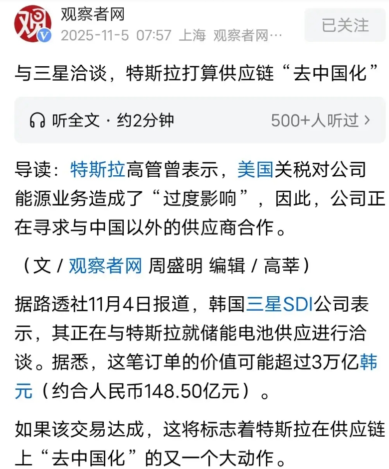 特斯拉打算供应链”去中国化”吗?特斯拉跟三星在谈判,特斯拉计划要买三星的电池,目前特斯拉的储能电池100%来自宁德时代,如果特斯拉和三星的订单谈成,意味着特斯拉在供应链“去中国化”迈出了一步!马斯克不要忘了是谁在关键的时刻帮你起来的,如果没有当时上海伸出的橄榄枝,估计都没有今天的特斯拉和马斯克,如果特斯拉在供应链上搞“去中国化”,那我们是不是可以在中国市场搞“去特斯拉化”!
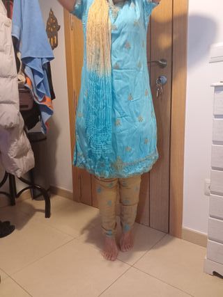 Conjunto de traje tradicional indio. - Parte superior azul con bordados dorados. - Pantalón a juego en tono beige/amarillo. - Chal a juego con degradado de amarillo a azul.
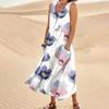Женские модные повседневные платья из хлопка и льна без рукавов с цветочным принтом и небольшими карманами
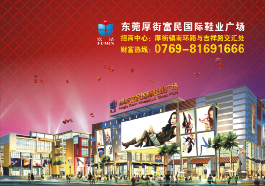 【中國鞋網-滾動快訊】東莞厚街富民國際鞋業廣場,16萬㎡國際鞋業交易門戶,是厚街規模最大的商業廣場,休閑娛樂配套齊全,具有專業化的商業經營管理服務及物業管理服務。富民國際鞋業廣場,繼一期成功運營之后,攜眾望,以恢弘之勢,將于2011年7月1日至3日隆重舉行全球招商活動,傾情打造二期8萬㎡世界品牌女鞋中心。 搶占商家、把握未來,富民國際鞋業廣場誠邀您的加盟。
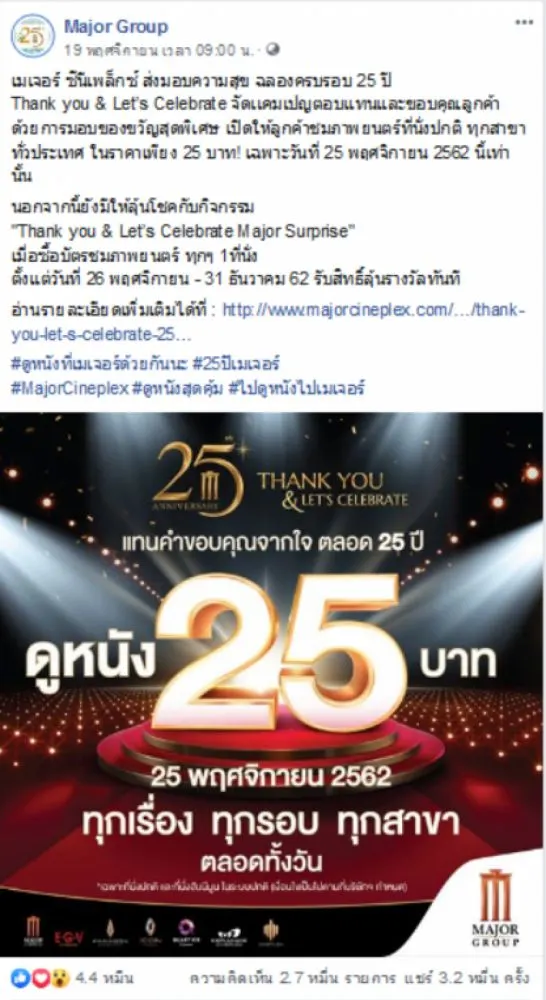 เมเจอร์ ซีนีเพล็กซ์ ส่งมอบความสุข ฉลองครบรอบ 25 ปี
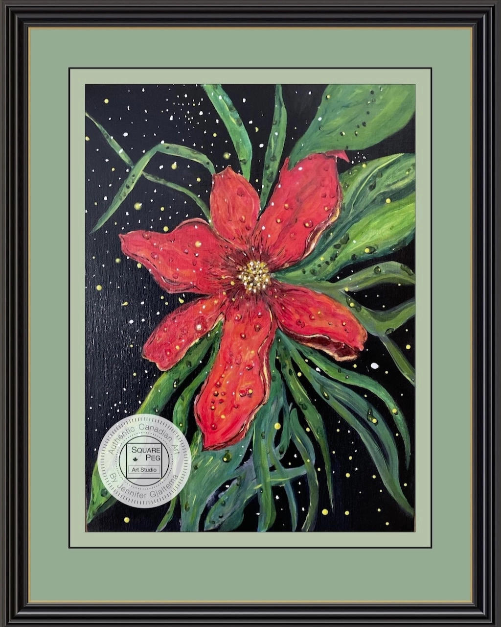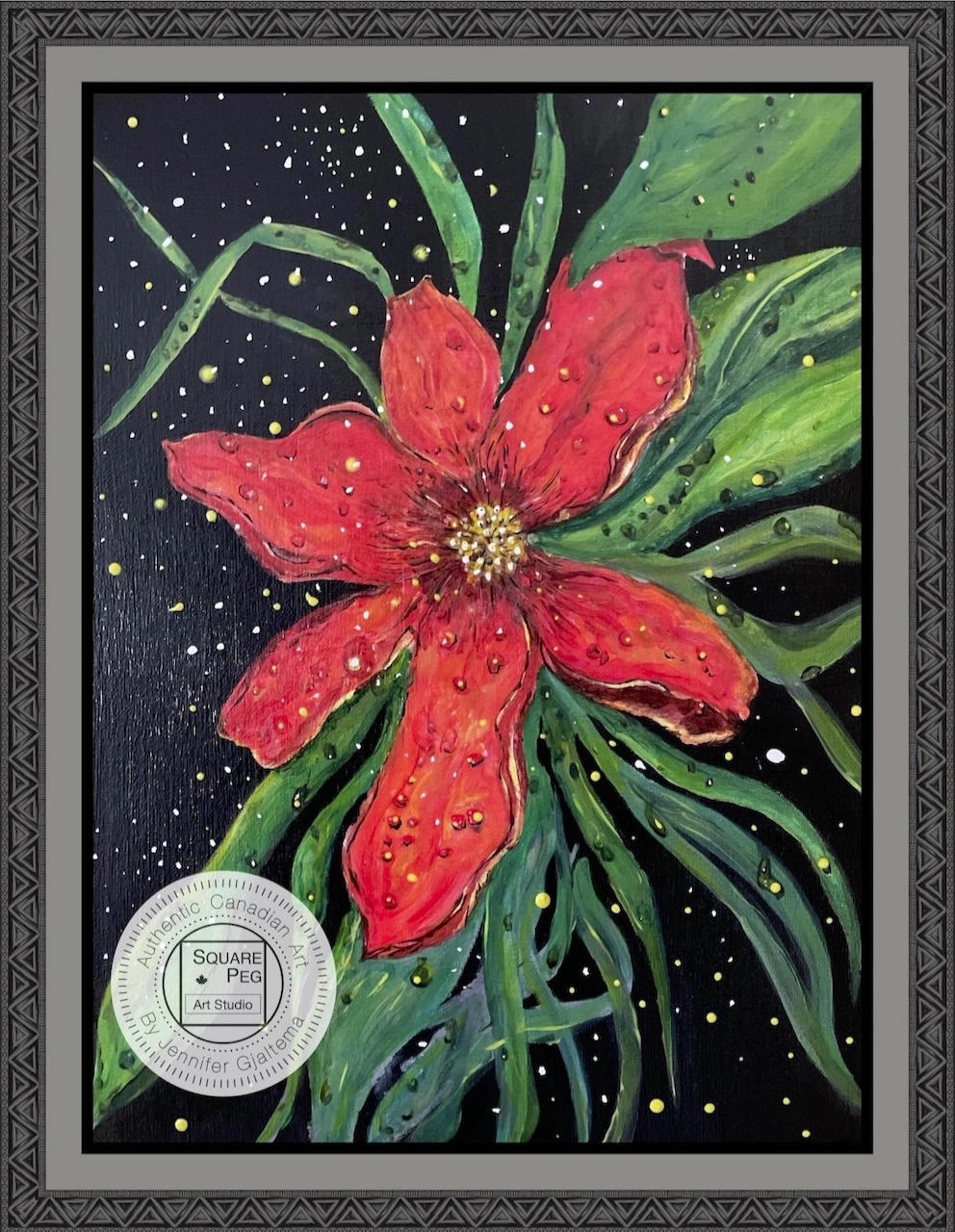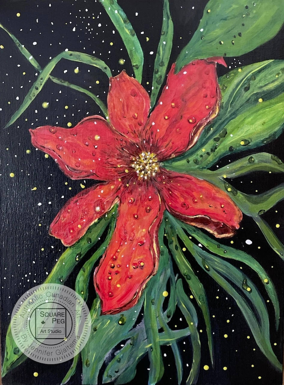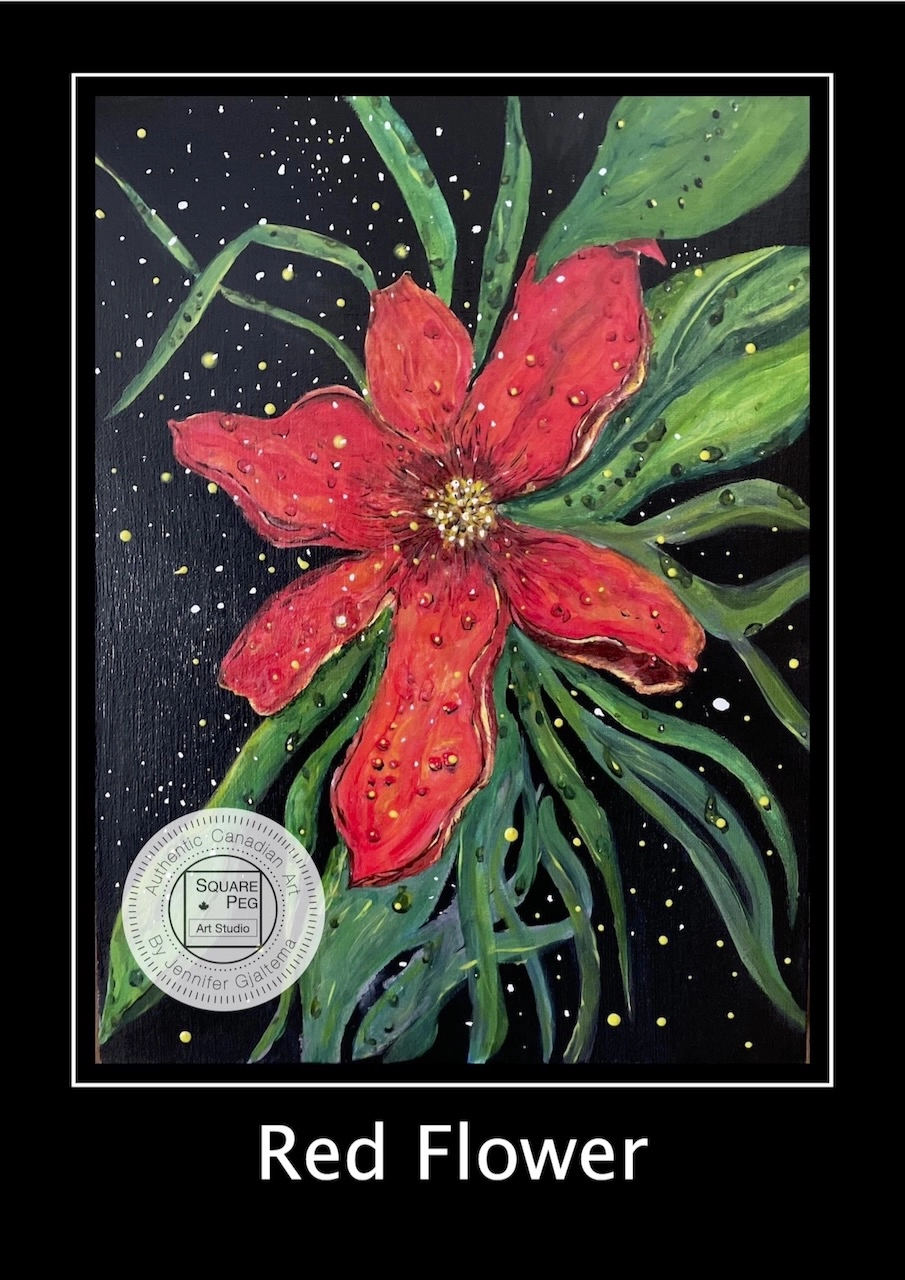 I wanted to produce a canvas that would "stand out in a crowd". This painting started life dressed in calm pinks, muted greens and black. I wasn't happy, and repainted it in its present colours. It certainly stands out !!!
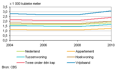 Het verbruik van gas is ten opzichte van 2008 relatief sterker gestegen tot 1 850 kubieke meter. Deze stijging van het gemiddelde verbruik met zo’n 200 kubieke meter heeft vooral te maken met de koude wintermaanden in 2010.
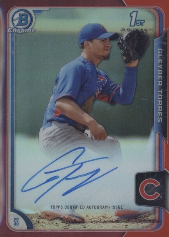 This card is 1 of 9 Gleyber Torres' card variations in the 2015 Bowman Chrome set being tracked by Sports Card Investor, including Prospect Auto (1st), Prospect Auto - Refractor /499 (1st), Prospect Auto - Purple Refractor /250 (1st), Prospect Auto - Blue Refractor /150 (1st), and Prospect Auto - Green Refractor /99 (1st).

--

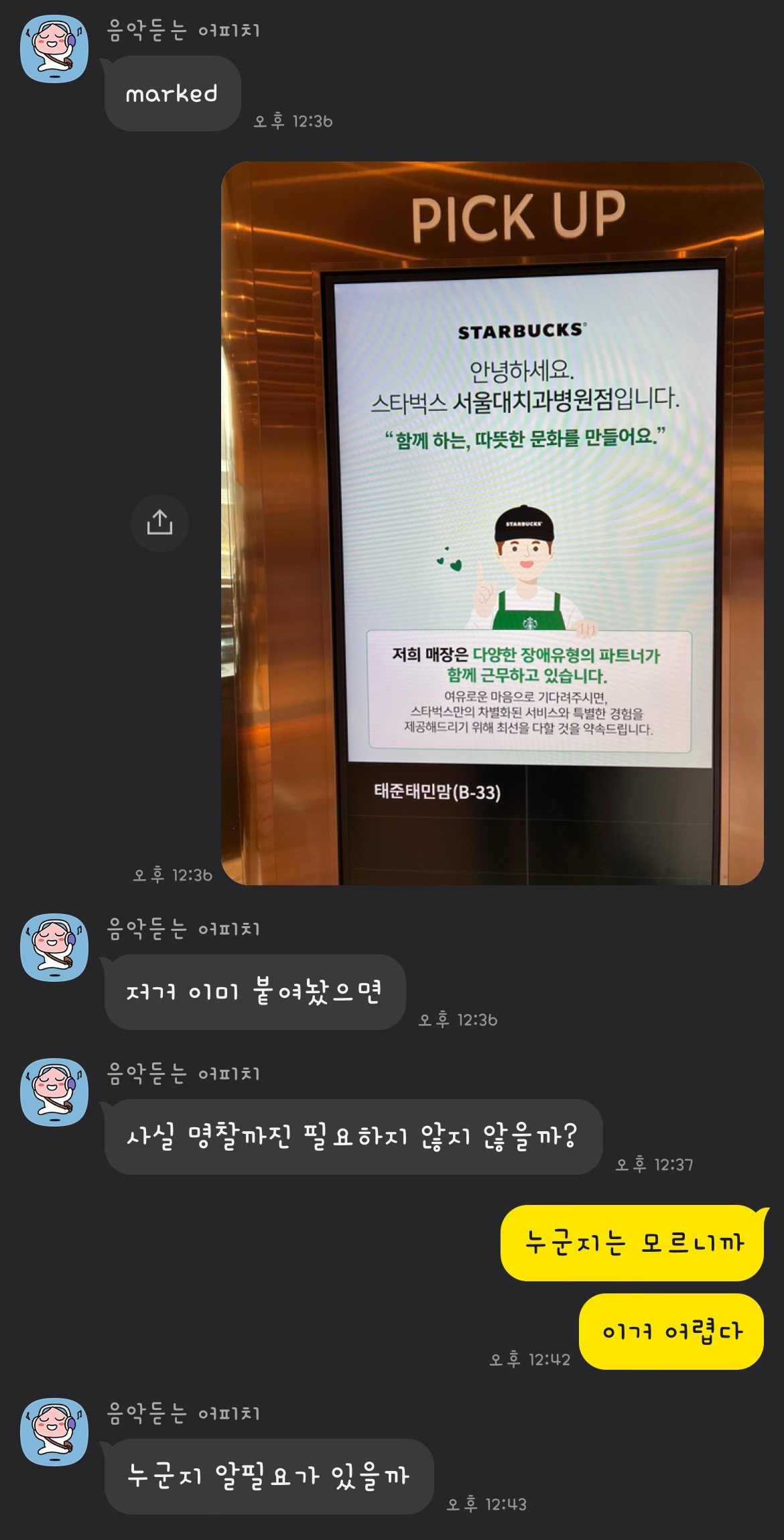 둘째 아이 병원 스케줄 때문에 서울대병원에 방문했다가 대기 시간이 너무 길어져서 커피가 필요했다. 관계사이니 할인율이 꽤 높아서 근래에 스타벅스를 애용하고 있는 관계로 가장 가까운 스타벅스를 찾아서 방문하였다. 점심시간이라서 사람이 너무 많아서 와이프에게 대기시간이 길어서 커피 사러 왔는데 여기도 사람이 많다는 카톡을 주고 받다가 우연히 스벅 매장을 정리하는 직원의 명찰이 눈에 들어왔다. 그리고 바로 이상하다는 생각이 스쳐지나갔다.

- [Required action]:
Would you output the lines above from the line holding "Conjunto de traje" up to and including the line holding "Het verbruik van", exactly and only those, with no pictures?

- [Output for this exercise]:
 Conjunto de traje tradicional indio. - Parte superior azul con bordados dorados. - Pantalón a juego en tono beige/amarillo. - Chal a juego con degradado de amarillo a azul.
Женские модные повседневные платья из хлопка и льна без рукавов с цветочным принтом и небольшими карманами
 【中國鞋網-滾動快訊】東莞厚街富民國際鞋業廣場,16萬㎡國際鞋業交易門戶,是厚街規模最大的商業廣場,休閑娛樂配套齊全,具有專業化的商業經營管理服務及物業管理服務。富民國際鞋業廣場,繼一期成功運營之后,攜眾望,以恢弘之勢,將于2011年7月1日至3日隆重舉行全球招商活動,傾情打造二期8萬㎡世界品牌女鞋中心。 搶占商家、把握未來,富民國際鞋業廣場誠邀您的加盟。
 เมเจอร์ ซีนีเพล็กซ์ ส่งมอบความสุข ฉลองครบรอบ 25 ปี
 I wanted to produce a canvas that would "stand out in a crowd". This painting started life dressed in calm pinks, muted greens and black. I wasn't happy, and repainted it in its present colours. It certainly stands out !!!
 Het verbruik van gas is ten opzichte van 2008 relatief sterker gestegen tot 1 850 kubieke meter. Deze stijging van het gemiddelde verbruik met zo’n 200 kubieke meter heeft vooral te maken met de koude wintermaanden in 2010.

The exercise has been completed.